Un élément révélé éclairait par ailleurs de manière aveuglante le pourquoi des combats acharnés menés par les autorités, relayés par les médias aux ordres, contre les traitements précoces tels l'hydroxychloroquine et l'ivermectine : les contrats liant les parties stipulent en effet pour les gouvernements l’obligation de donner suite à leurs commandes de vaccins, y compris dans le cas où d'autres traitements émergeraient pour prévenir, traiter ou guérir COVID-19. Faut-il rappeler à ce sujet que les textes régissant l’autorisation de mise sur le marché d’un vaccin, fut-elle provisoire, la conditionnent à l’absence de traitement existant ? Faut-il donc feindre de nouveau l’étonnement face au pilonnage en règle de ces traitements et de tous ceux qui ont défendu leur remarquable efficacité ?

Comme le souligne fort justement le site Public Citizen à l’origine des révélations, « L'arbitrage privé reflète un déséquilibre de pouvoir. Il permet aux sociétés pharmaceutiques comme Pfizer de contourner les procédures juridiques nationales. Cela consolide le pouvoir des entreprises et sape la primauté du droit. » Du néolibéralisme pur sucre, en quelque sorte !

Alors que les traitements précoces sont refusés à la population, les biens-portants soupçonnés, la traque et la surveillance généralisées, la perversité des réponses sanitaires qui tentent d’être apportées se révèlent au final plus néfastes et funestes que l’infection elle-même, mais ne doivent plus être critiquées, puisqu’elle « menacent » la stabilité de l’État, et donc la manœuvre déployée sur le dos des citoyens, et notamment des plus fragiles : les racines eugénistes de la doxa néolibérale dans toute leur abjection, validant le combat et la survie des plus forts, dissimulées derrière les formules doucereuses de « solidarité et de santé » et autres sucreries intellectuelles !

L’arrivée du Covid 19 permettait donc de légaliser, via une alerte surjouée, le suicide économique d’un certain nombre de nations, occidentales avant tout, la disparition des petites structures de production et de service autant que l’incapacité de l’État dans ses missions de garantie du droit et de l’accès aux soins comme aux différents services culturels, et même l’euthanasie effective d’un certain nombre de citoyens parmi les plus fragiles (voir les prescriptions de Rivotril en Ehpad, jointe au refus de traiter précocement les patients infectés).

Car si les institutions se sentent aujourd’hui « attaquées » dès que les citoyens remettent en cause les mesures liberticides, la violence psychologique déployée, le discours infantilisant, et de manière générale la volonté d’inculquer une peur totalement disproportionnée par rapport à la menace réelle de l’épidémie, c’est que l’intérêt du citoyen est passé au second plan. L’étroite parenté de traitement avec celui que subissaient les citoyens des régimes totalitaires du XXème siècle devrait chez vous susciter interrogation.

L’eugénisme derrière la porte

La dissonance cognitive qui ne manque pas de s’inviter dès lors qu’on évoque les faits dérangeants - seulement les faits - rend le débat singulièrement ardu.
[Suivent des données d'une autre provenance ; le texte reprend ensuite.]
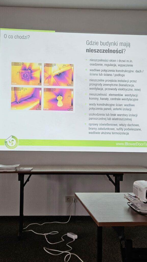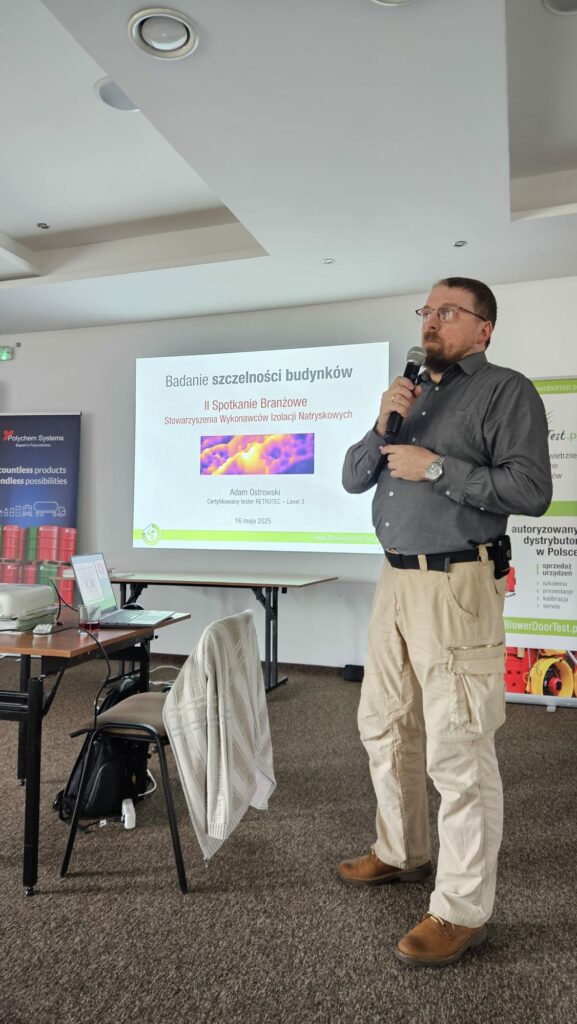 Następnym punktem programu było wystąpienie Adama Ostrowskiego z firmy Progress Energy, doświadczonego specjalisty w zakresie badań szczelności budynków. Prelegent przedstawił konsekwencje wynikające z nieszczelności przegród oraz odniósł się do aktualnych wymagań Warunków Technicznych. Zaprezentował również technologie pomiarowe i najczęściej spotykane błędy wykonawcze.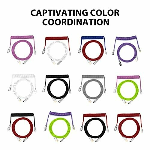 USB 2.0 compliant; double-shielded construction; 61-gauge, 4-conductor configuration; detachable aviator port to accommodate different connectors; includes a USB-C connector cable for modern boards; TPU outer jacket with durable sleeve materials; available in multiple color options to match keyboard aesthetics.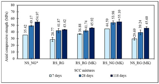 Figure 8 shows the evolution of the axial compressive strength of the studied SCC mixtures. When comparing the RS_RG mixture with the reference mixture (NS_NG*), the compressive strength was reduced by 18.8% at 7 days, 14.9% at 28 days, and 21% at 118 days. This reduction has been widely reported in the literature [,,,,,,,,], since the CDW aggregate exhibits greater fragility and heterogeneity, and the layer of old mortar adhered to the grains of the recycled aggregates (RS and RG), increasing the porosity of the concrete. Furthermore, there is a greater network of pores in the microstructure of the recycled aggregates, and their use in concrete weakens the bond between the old interfacial transition zone (ITZ) and the new ITZ, leading to a compromise in the mechanical properties of the concrete. The compressive strength reduction attributed to the use of recycled aggregates is compensated for by the filler effect and pozzolanic reaction of MK. Previous studies have shown that the addition of MK helps to compensate for the loss of strength in SCC with the incorporation of recycled aggregates from construction waste [,]. Although the recycled CDW aggregate is more porous than the natural aggregate, when concrete containing recycled aggregates is prepared using MK, there is an improvement in the bonding of the ITZ between the paste and the aggregates []. The NS_RG (MK) mixture achieved a compressive strength similar to the RS_RG (MK) mixture, while the RS_NG (MK) mixture exhibited a compressive strength similar to the reference (NS_NG*), reaching 55.10 MPa at 118 days of age. This may be associated with the filling of the SCC’s pores, which occurred due to both the addition of MK and the content of powdered material present in the RS.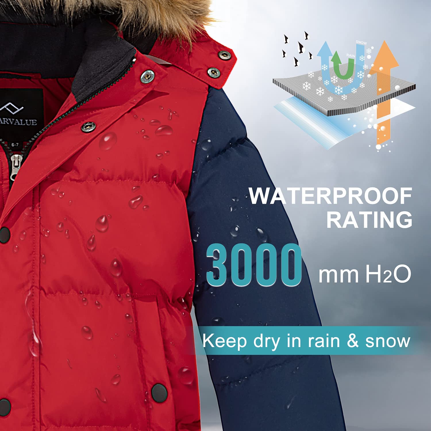 • Water-repellent Puffer Coat: Professional fabric with a waterproof index of 3000mm, this coat can fight light rainy or misty weather.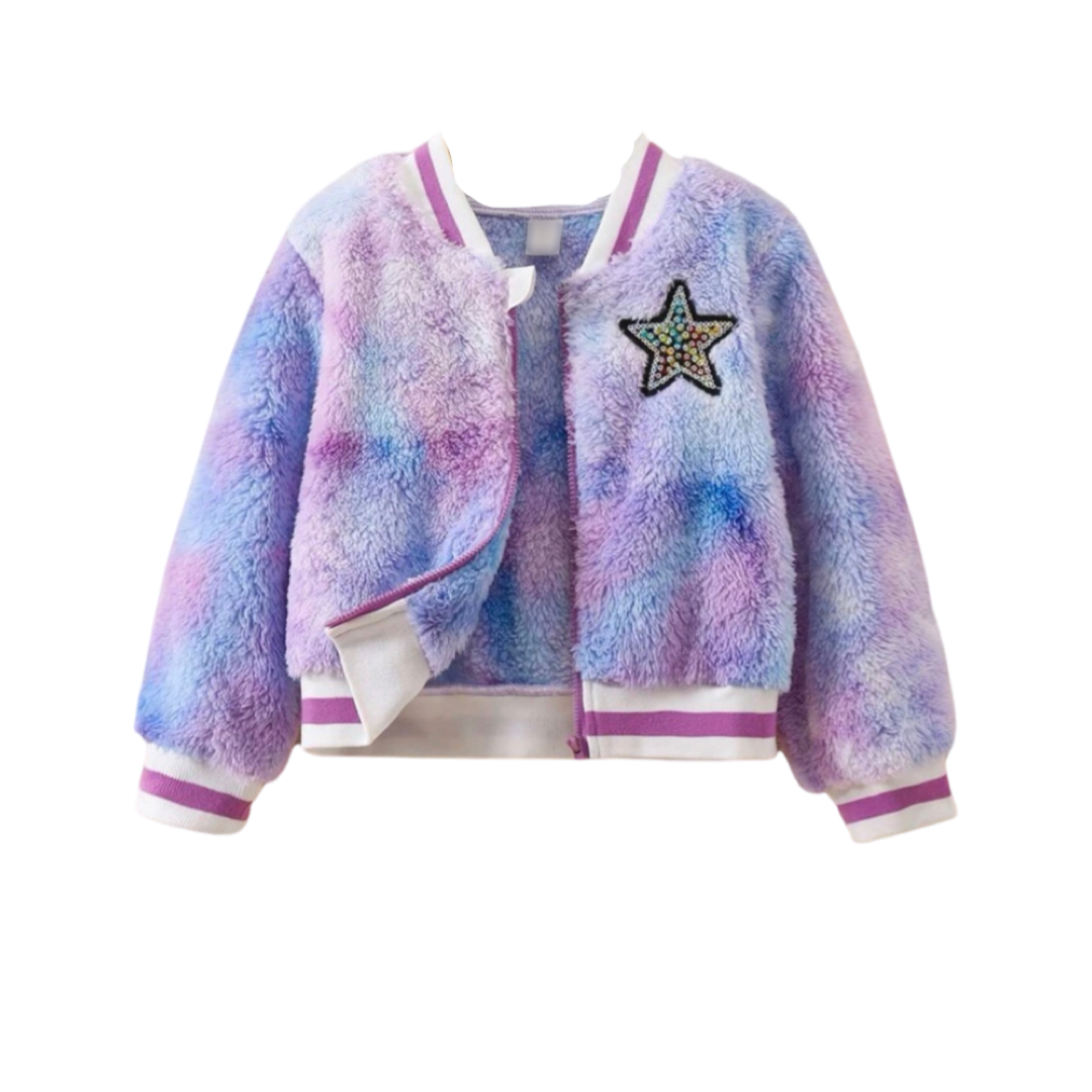 Bomber jacket de peluche super suave con parche de estrella con lentejuelas.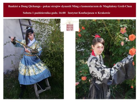 Instytut Konfucjusza w Krakowie serdecznie zaprasza w sobotę 1 października o godz. 16:00 na wydarzenie „Bankiet u Dong Qichanga czyli pokaz strojów dynastii Ming wraz z komentarzem dr Magdaleny Greli-Chen”.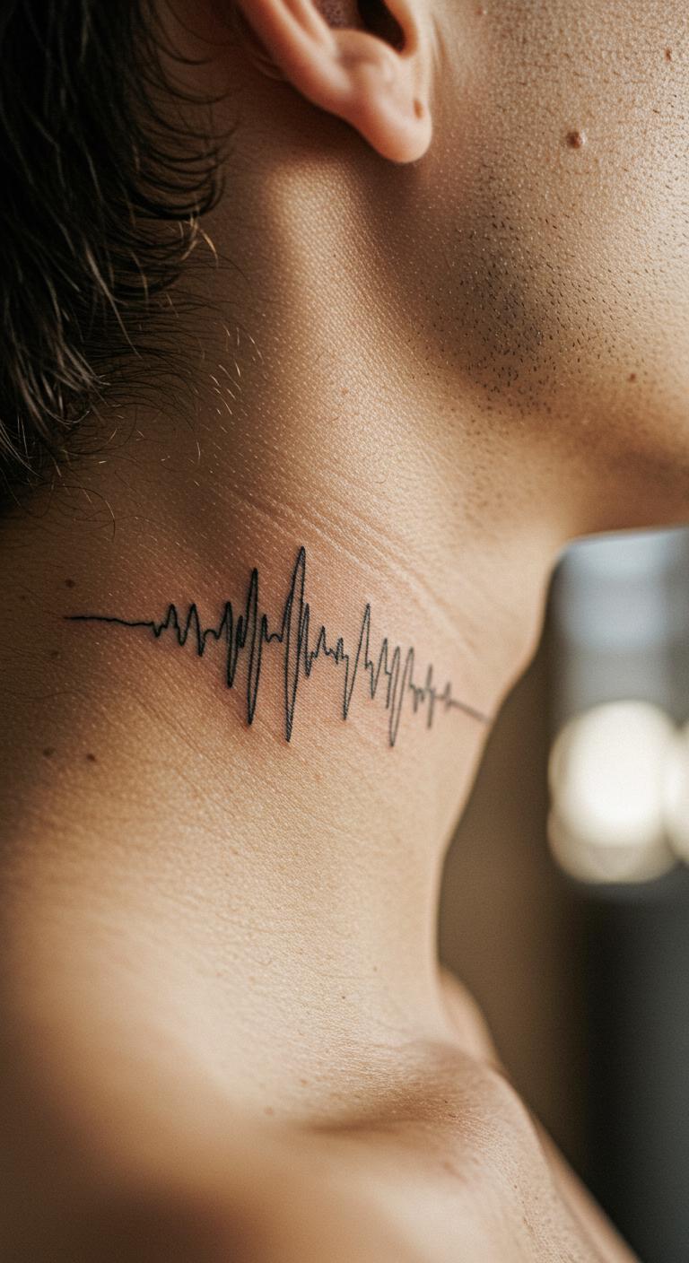 Wave in sound abstractly. Outline waves simply. Record and sketch the wave. Put on your neck for audio feel. Cost: Abstracts $90. Tip: Generate waves online. DIY idea: Draw from music files. Keep lines wavy. Find a soundwave pro. This design echoes tunes.

Comment ne pas sursauter au déroulé des mesures déployées petit à petit par le pouvoir ?

  • Les médecins prescripteurs ont été exemptés de leur responsabilité, par le ministère de la santé et sur demande du conseil de l’Ordre, en cas d’effet indésirable des injections qu’ils auraient pratiquées. Le serment d’Hippocrate est tenu pour serpillère, ou torchon de laboratoire, c’est selon.
  • Les médecins désireux d’utiliser les traitements précoces dans l’objectif de soigner leurs patients sont poursuivis… Le Conseil de l’Ordre se parjure en interdisant à ces adhérents de soigner – y compris actuellement dans les Dom-Tom : il est temps de le dissoudre.
  • Les « vaccins » sont clairement désignés en phase d’expérimentation, mais les cobayes ne bénéficient en aucun cas de la protection assurée jusqu’ici aux participants des cohortes, ni d’un suivi particulier ; ils sont même privés des droits les plus élémentaires prévus par la loi et le Code de santé publique !
  • Un odieux chantage est déployé à l’encontre des citoyens pour les forcer à participer à cette mascarade expérimentale : comment quelqu'un peut-il alors donner son consentement éclairé à une injection anti-COVID-19 lorsqu'il le fait sous la menace d’une forte amende (6500 € actuellement en Nouvelle-Calédonie et en Polynésie !), de perdre son emploi, ses libertés fondamentales, ou plus généralement ses moyens de subsistance ?
  • De nombreux médecins et scientifiques sonnent l’alarme en pointant l’absence totale de suivi des « vaccinés », notamment ceux présentant des risques accrus, et la volonté manifeste de ne pas déclencher les mesures de recensement des effets indésirables graves qui s’accumulent cependant[17].
  • Dans quel monde doit-on accepter « 4 décès et 16 effets secondaires et 16 effets secondaires graves afin de sauver de 2 à 11 personnes pour 100 000 vaccinations »[18]? Les effets secondaires les plus forts semblant toucher les plus jeunes, précisément ceux qui ont le moins de risque de développer le Covid-19, et notamment dans une forme grave – les chiffres, même manipulés, sont implacables !
  • Les effets sur les femmes enceintes ont été ignorés par les essais préalable des fabricants de « vaccins », et celles-ci subissent cependant des atteintes graves, délibérément ignorées par les autorités… de santé : les quelques études menées par des chercheurs libres de conflits d’intérêt depuis le lancement de la campagne de vaccination ont pointé des risques d’avortement pour les parturientes de quelques semaines augmenté d’un facteur huit[19]!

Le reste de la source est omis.